**Recorded information:**
<<<<

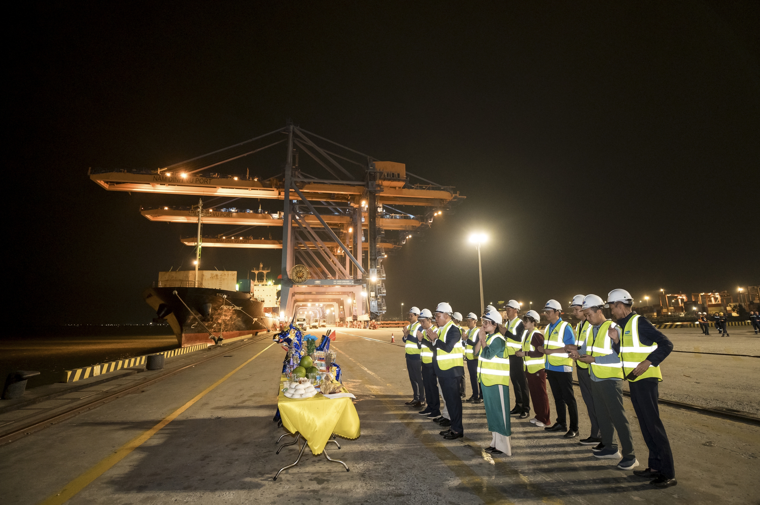 Ngay trong đêm Giao thừa, Cảng Nam Đình Vũ tại Hải Phòng đã bận rộn với các chuyến tàu "xông đất" đầu năm. Chuyến tàu của hãng tàu Green Pacific cập cảng, xếp dỡ 633 Teu hàng hóa, khơi mở một năm được kỳ vọng nhiều thành tựu.
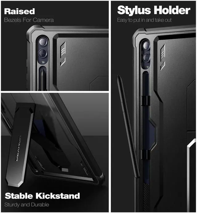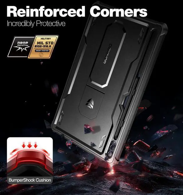 This Galaxy Tab S10 Ultra/ S9 Ultra/ S8 Ultra case has a built-in screen protector to protect the screen from scratches. Pen holder and pop out kickstand allow you to easily view video, movies and games on the go. The impact-resistant TPU and bumper PC chassis provide the best protection for your equipment. It is the guardian of your daily life, entertainment and learning
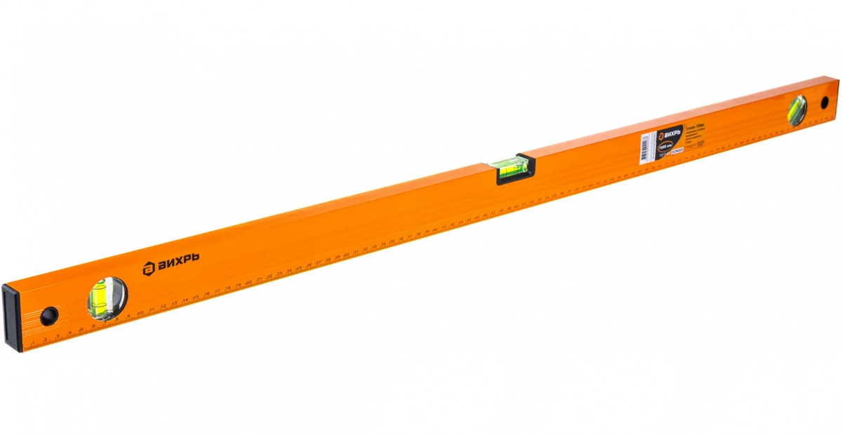 Уровень пузырьковый ВИХРЬ - измерительный инструмент при строительных, ремонтных и отделочных работах для поиска и исправления отклонения поверхностей. Корпус прочный и износостойкий, изготовлен из алюминия. Фрезерованная рабочая поверхность служит для уменьшения возможной погрешности при измерениях. Длина уровня 100см.

>>>>

A faithful copy is needed: reproduce all of the data above, leaving the pictures out.

**Task solution:**
 Ngay trong đêm Giao thừa, Cảng Nam Đình Vũ tại Hải Phòng đã bận rộn với các chuyến tàu "xông đất" đầu năm. Chuyến tàu của hãng tàu Green Pacific cập cảng, xếp dỡ 633 Teu hàng hóa, khơi mở một năm được kỳ vọng nhiều thành tựu.
 This Galaxy Tab S10 Ultra/ S9 Ultra/ S8 Ultra case has a built-in screen protector to protect the screen from scratches. Pen holder and pop out kickstand allow you to easily view video, movies and games on the go. The impact-resistant TPU and bumper PC chassis provide the best protection for your equipment. It is the guardian of your daily life, entertainment and learning
 Уровень пузырьковый ВИХРЬ - измерительный инструмент при строительных, ремонтных и отделочных работах для поиска и исправления отклонения поверхностей. Корпус прочный и износостойкий, изготовлен из алюминия. Фрезерованная рабочая поверхность служит для уменьшения возможной погрешности при измерениях. Длина уровня 100см.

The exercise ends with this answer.